Write out, without any change, the lines in the material below that run from the line with "z małym barkiem, światłami" through the line with "Add to that", both included.

> Source data
***
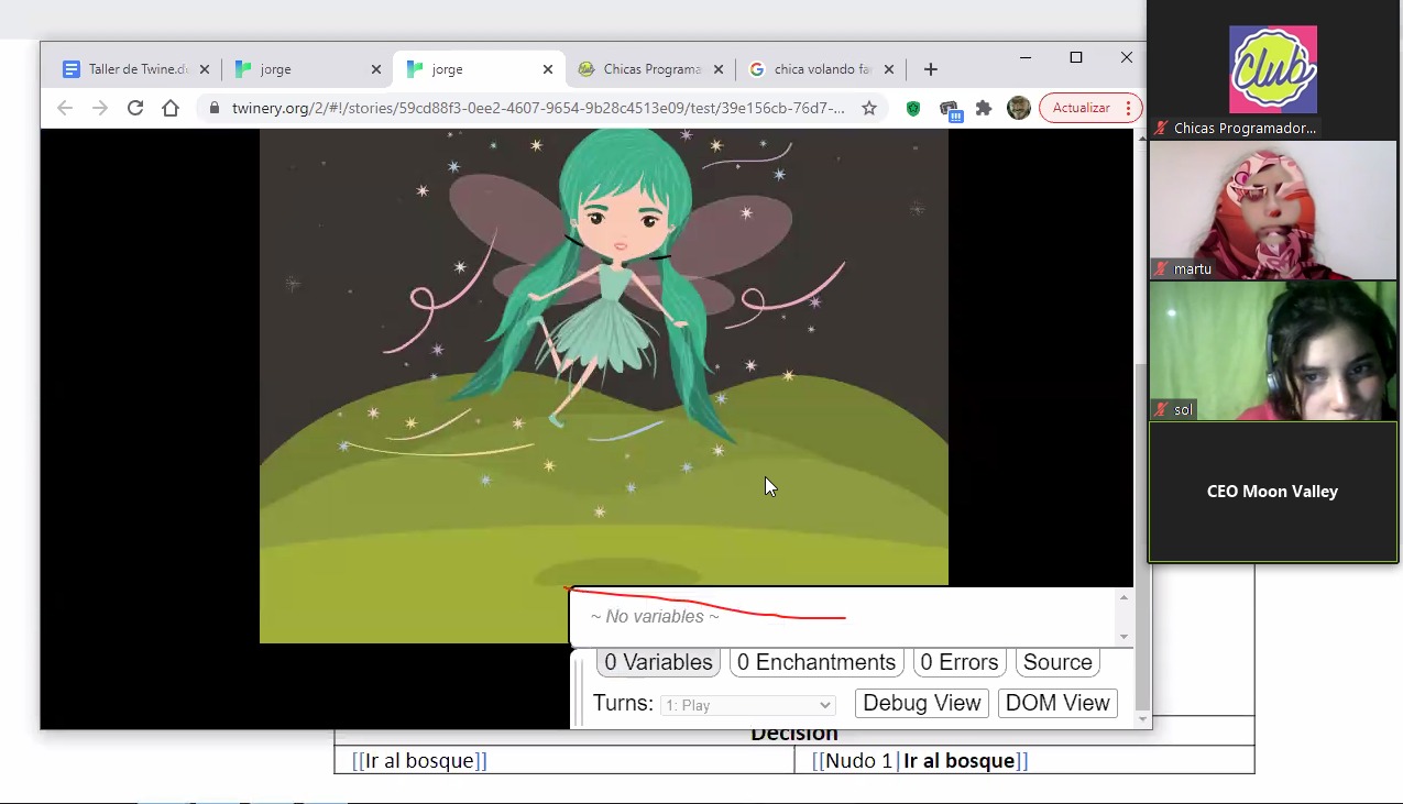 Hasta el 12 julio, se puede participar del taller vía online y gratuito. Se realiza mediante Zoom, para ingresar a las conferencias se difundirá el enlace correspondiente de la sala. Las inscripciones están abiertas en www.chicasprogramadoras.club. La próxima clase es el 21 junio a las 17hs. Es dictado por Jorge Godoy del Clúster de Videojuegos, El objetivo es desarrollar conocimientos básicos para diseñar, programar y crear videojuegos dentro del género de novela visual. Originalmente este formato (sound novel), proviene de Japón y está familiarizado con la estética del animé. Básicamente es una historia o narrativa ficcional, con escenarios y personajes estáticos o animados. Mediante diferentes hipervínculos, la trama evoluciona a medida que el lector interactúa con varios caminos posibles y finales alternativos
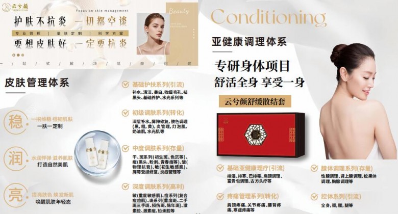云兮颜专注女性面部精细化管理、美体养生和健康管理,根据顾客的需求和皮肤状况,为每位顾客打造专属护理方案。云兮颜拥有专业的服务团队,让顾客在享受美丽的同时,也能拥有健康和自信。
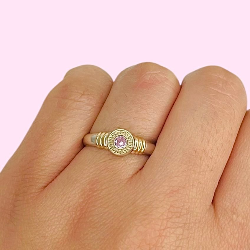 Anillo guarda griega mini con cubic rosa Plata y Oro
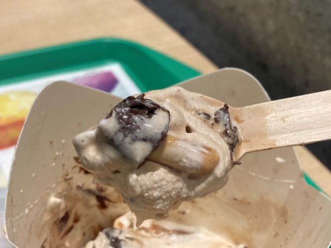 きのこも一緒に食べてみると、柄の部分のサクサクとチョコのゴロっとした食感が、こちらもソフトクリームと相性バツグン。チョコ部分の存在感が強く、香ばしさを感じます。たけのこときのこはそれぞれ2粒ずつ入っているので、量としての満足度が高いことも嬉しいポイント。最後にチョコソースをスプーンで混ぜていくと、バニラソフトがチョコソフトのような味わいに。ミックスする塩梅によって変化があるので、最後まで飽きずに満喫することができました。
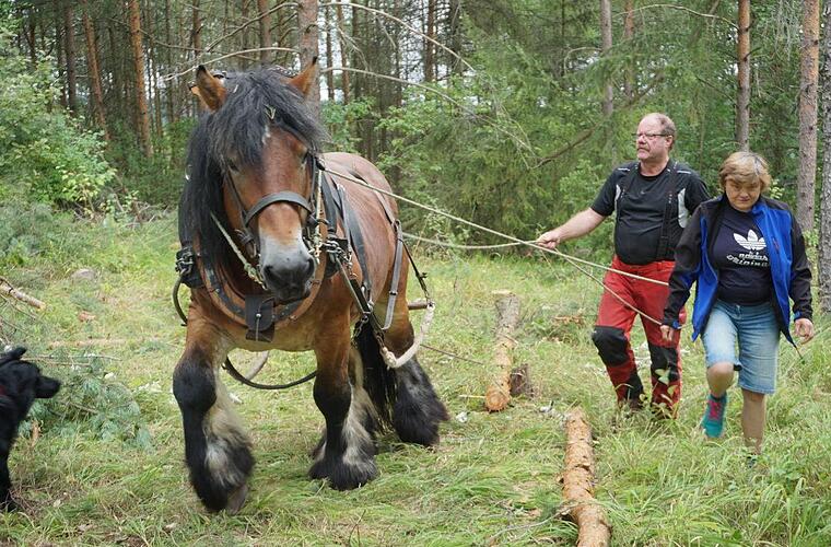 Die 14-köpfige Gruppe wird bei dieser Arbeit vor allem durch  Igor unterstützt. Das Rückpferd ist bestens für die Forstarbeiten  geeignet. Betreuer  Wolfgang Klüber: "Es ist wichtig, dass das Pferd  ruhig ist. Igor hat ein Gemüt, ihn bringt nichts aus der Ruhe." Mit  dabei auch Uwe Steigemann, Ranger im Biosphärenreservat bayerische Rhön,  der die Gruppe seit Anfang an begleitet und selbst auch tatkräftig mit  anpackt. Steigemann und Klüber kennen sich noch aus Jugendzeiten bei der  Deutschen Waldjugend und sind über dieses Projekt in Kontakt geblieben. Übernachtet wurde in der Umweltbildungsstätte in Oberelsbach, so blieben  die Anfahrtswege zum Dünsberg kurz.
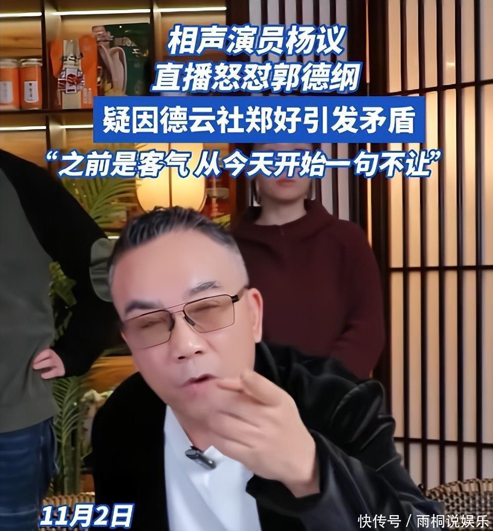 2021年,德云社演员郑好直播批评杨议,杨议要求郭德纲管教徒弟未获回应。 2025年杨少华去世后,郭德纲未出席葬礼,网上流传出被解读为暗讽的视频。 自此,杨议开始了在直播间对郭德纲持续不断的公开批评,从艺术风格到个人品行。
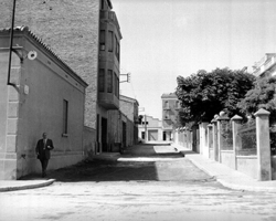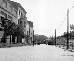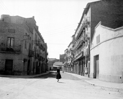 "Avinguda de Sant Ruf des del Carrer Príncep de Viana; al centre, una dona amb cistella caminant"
***
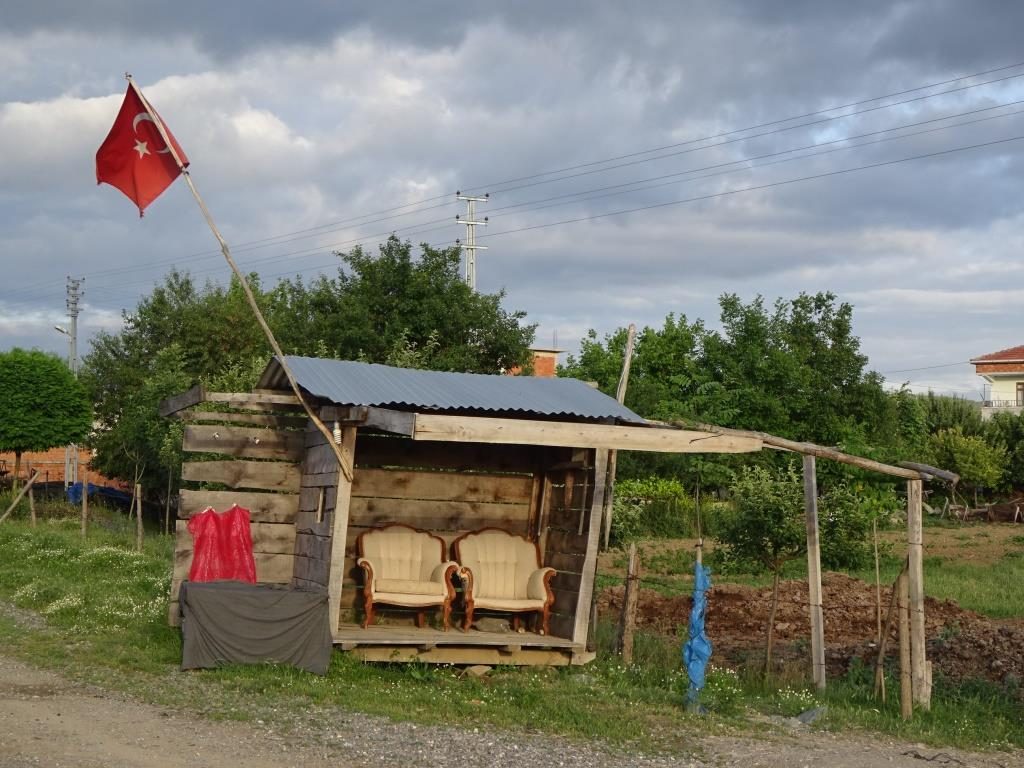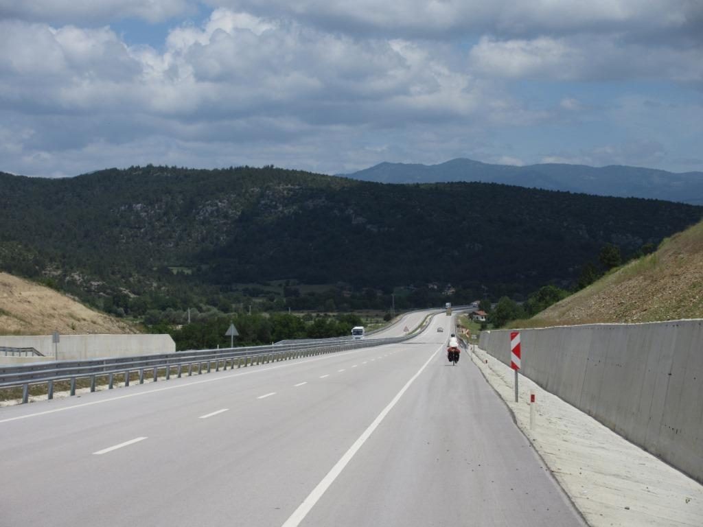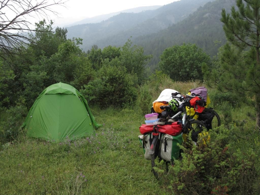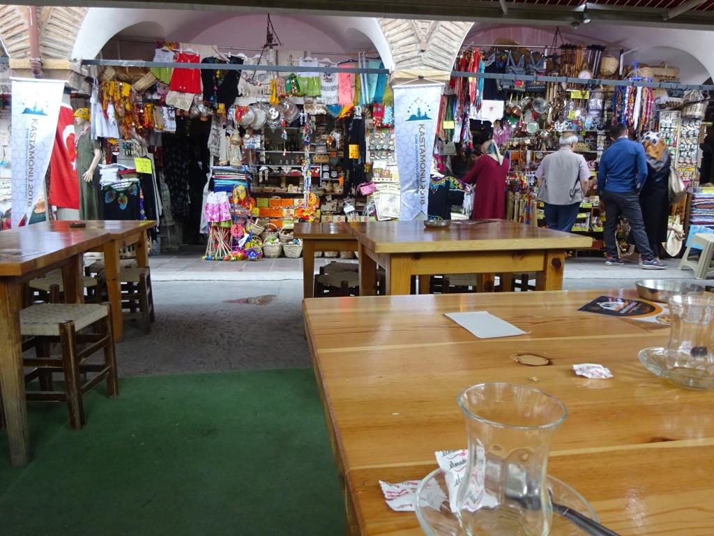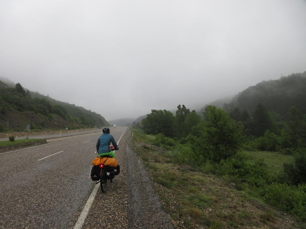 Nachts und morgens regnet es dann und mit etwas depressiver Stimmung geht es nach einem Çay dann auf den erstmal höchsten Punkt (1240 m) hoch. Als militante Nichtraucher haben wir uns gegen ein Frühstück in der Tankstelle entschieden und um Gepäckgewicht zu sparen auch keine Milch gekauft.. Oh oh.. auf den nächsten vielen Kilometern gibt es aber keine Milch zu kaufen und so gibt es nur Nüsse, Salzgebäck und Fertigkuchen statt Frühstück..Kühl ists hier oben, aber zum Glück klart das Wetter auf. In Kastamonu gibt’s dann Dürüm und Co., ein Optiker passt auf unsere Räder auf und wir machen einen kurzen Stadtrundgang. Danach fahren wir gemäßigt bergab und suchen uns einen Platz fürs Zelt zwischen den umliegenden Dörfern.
***
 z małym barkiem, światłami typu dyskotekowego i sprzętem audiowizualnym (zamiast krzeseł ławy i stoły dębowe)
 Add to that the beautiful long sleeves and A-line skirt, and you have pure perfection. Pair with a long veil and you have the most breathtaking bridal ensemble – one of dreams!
***
> Answer for this exercise
 z małym barkiem, światłami typu dyskotekowego i sprzętem audiowizualnym (zamiast krzeseł ławy i stoły dębowe)
 Add to that the beautiful long sleeves and A-line skirt, and you have pure perfection. Pair with a long veil and you have the most breathtaking bridal ensemble – one of dreams!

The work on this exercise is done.